His hazel eyes narrowing as I slipped in, Hazeveil trailing mist. "You're welcome to the space," he said, his voice warm but edged with worry, ink-stained hands pausing over a schematic. "Someone who gets art like you? Always. But, kid, you look like you haven't slept in a month."
His face flickered, melting before my eyes, cheeks sliding, eyes pooling into black. I blinked, hard, my core steadying. It wasn't real, just another hallucination, like the shadows twisting in mirrors. My mind library held firm, a fragile anchor against the tongue's madness, but susceptible to it.
"Thanks," I muttered, avoiding his gaze, my hollow eyes and gaunt face impossible to hide. Lucious was one of the few I faced since the crack widened, his workshop a rare haven. He didn't press, just nodded, leaving me to the forges as he tidied his bench, muttering about runes. The dead lingered outside, their forms faint through the workshop's windows, watching, waiting.
I worked in the dark, the forge's glow casting long shadows, the tongue's jar on a steel table, its crack wider, glass creaking. I cut more slivers, each regenerating, mana sparking unpredictably, singeing my cloak.
Tools misbehaved. The hammer rang two notes at once, tongs sweated beads of water that hissed away, crucibles dripped clear liquid before resuming molten red. I forced focus.
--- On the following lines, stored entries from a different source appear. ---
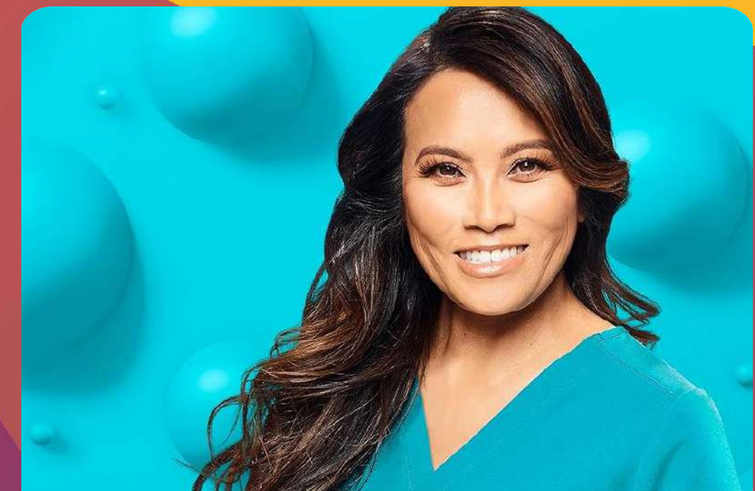
Dr. Pimple Popper

Bron: NMO, 1 januari t/m 31 december 2025, all day
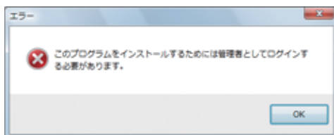
④『DVD Fab HD Decrypter』の場合のエラー画面
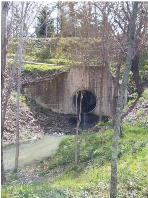
Foto 5-9: Foto nga verifikimi në terren i grupit të auditimit në datën 06.03.2025: Gjendja e tombinave të kanaleve të ujërave të shiut që derdhen në PMLAT

Nga verifikimi në terren, i kryer nga grupi i auditimit, u konstatuan raste ku tombinat e kanaleve të ujërave të shiut ishin plotësisht të bllokuar, ose kishte rrjedhje potencialisht të ujërave të ndotura, si dhe aromë të pakëndshme (disa nga rastet paraqitura në fotot më poshtë).
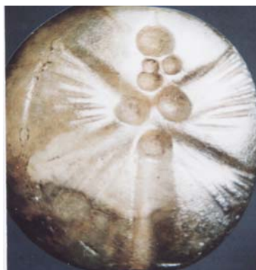
تصویر ۹ انسان بالدار (سمت چپ) (چهار بال) مهر استوانه‌ای نیمه اول هزاره اول ق.م شماره ۵۴۳۳، سنگ خاکستری.
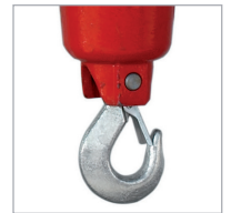
Security hook Crochet de sécurité
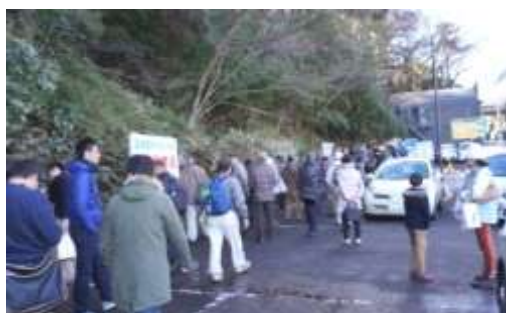
水量豊富な富澤湧水・大勢の方々の見学
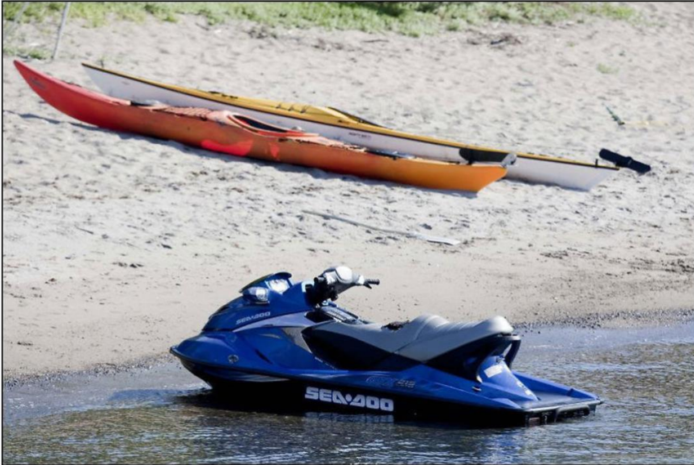
STRANDET: Vannscootere har vært ulovlig i Norge siden 6. juli i år. Nå mener ESA at forbudet bryter med EØS-reglene.
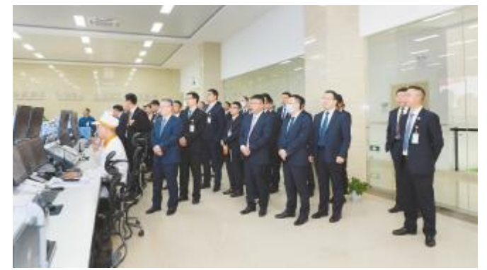
参观永祥中心控制室

市场行情波诡云谲,行业发展日新月异,惟改革者进,惟创新者强,惟改革创新者胜。此次对标学习是通威太阳能“拥抱危机”企业文化核心理念的落地实践,是面对企业新发展阶段提出新发展要求的积极探索,总结借鉴兄弟公司优秀发展经验,内化为企业发展动力,更好地破解发展难题,在竞争激烈的行业内继续勇立潮头、攻坚克难、开拓前行。
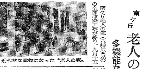
近代的な建物になった「老人の家」

日ごろ鍛えた体とチームワークを発表しよう。と、九月二十二日、今年四月に開校した南八幡高校で一年生ばかりの二百二十一人による体育大会が開催されました。
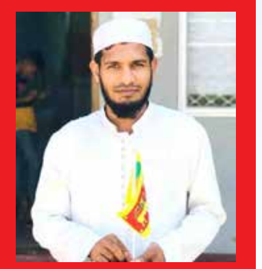
பி.ஆர். ரீசா சிறப்புக் கற்கை (அரபு மொழி)

நீங்கள் ஒவ்வொருவரும் ஆக்கத்திறன் கொண்டவர்களே. எளிமையில் மட்டுமல்ல சிக்கலானவற்றிலும் வல்லமை காட்டும் தொழில் நுட்பத் திறன் கொண்ட சாதனைகளை உருவாக்கவும் உங்கள் ஆக்கத் திறனே அவசியமானவை. நீங்கள் ஒவ்வொருவரும் தத்தமது ஆக்கத் திறனை வெவ்வேறு துறைகளில் புதுப்புது உற்பத்திகளாக வெளிக்கொண்டு வாருங்கள். உங்கள் உற்பத்திகளால் அதிகார வர்க்கத்தினரால் உற்பத்தி செய்யப்படும் ஏழ்மை சமூகத்தை நிச்சயம் காப்பாற்றி அடிமைக்கு விடுதலை அளிக்க முடியும். நீங்களருமாக இருந்தாலும் தொழில் நுட்பத் திறன் படைத்த சாதனைகளைக் கொண்டு தொழிற்சாலைகளை நிறுவி போதிலும் உலக ஆளும் வர்க்கத்தினர் போலல்லாமல் எல்லோருக்கும் சிக்கலாகத் தெரிகின்ற விடயங்களில் மாத்திரம் தொழில் நுட்பத் திறனைப் பயன்படுத்தி அதிலும் வல்லமை காட்டுவதுடன் அதிகமான மனித ஆக்கத்திறன்களுக்கு வாய்ப்பளிக்கும் படயான களம் அமைத்து அடிமைச் சமூகத்தினரிடமிருந்து அத்துமீறு பறித்தெடுக்கப்படும் வளச் சுரண்டல்களுக்கு முற்றுப்புள்ளி வைப்புகள். ஆக்கத்திறனே அற்புதமான அடிப்படையான ஆரோக்கியமான திறன் என்பதையும் எளிமையானதிலும், சிக்கலானதிலும் வல்லமை காட்டி இது ஒன்றே அவசியமானதும் போதுமானதெனவும் புரிந்து கொண்டு இலக்குகளுக்கு அப்பாலும் முன்னோக்கி நகருங்கள்.
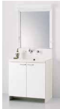
ナストラック 定価:181,500円(税別)
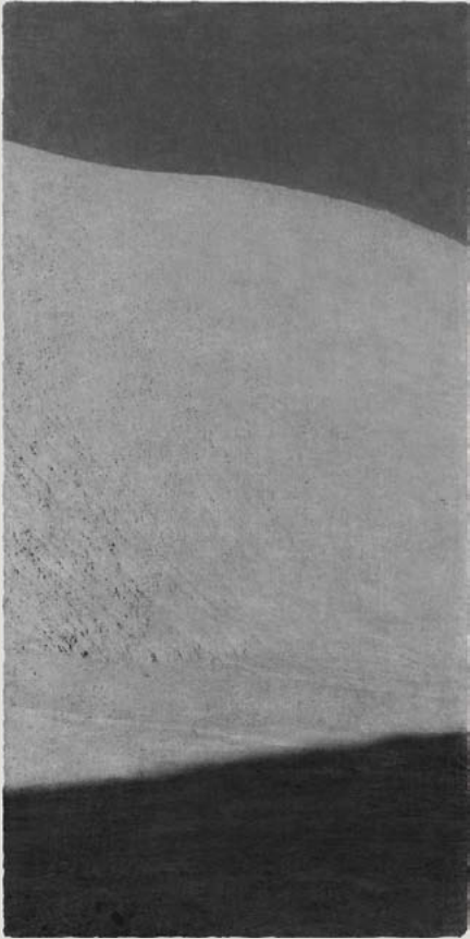
Opening #07, 2015
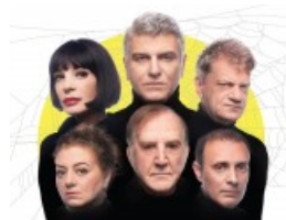
«Η Παγίδα» θέατρο Γης. Πλάνα & χειροκρότημα
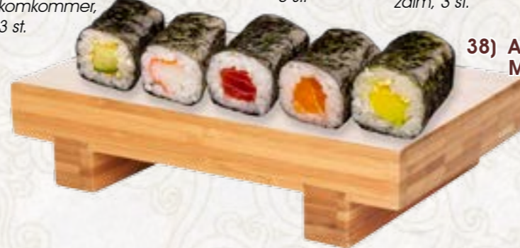
38) Avocado Maki 3 st.
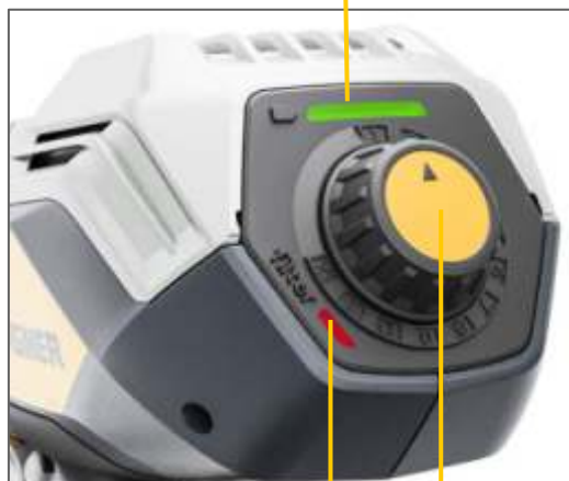
Bec de avertizare filtru de aer

The glass powder, mixed with beast blood, Vyrithax's, scavenged from breach remains, formed a viscous paste, its mana stable but volatile, perfect for an alchemical catalyst.
The reek of iron should have grounded me; instead it became the back-beat of their chant. "Tear and turn, shape and burn," the choir lilted, every line a child's giggle peeled of warmth. The cadence timed my hammer-strokes, steering my hands even as I swore I wasn't listening. The paste echoed the rhythm, dull light throbbing beneath the forge like a trapped heart.
I worked fast, testing the tongue's limits, its mana flaring in waves I couldn't control. The glass paste held promise, binding mana briefly before sparking, but it wasn't enough. I needed more, something to stabilize the merge.
My grand design took shape in sketches, scrawled in charcoal on stolen parchment. An artifact to bridge realms, to hold the line between living and dead, containing the tongue's power without breaking.
I barely spoke to Lucious, my nights consumed by work, my days lost to reclusion. He left me alone, his worry clear in glances, but the forge was mine. The tongue's mana resisted, its regeneration mocking me, but the Vyrithax blood steadied it, each test a step closer. The dead grew bolder, their forms vivid—a child's echo clutching a toy, a guard's shade with a slashed chest, their eyes pleading. The Priest loomed, its hum rattling the workshop's walls. "Bind it, or the realms bleed," it said, its riddle simple yet heavy, urging me on. Then, through the forge's din, a sound pierced my focus.
A coughing fit echoed down the street, ragged and human; it climbed in pitch, then stopped mid sound. Silence hung a breath too long before the ordinary clatter of night resumed, as if nothing had happened. That unnatural pause clung to me, driving my hands to sketch faster.
My sketches piled, artifact shape still vague but attainable. Weeks passed, the district slept less each night, and the crack yawned wide. Outside the windows the dead pressed palms to the glass, waiting.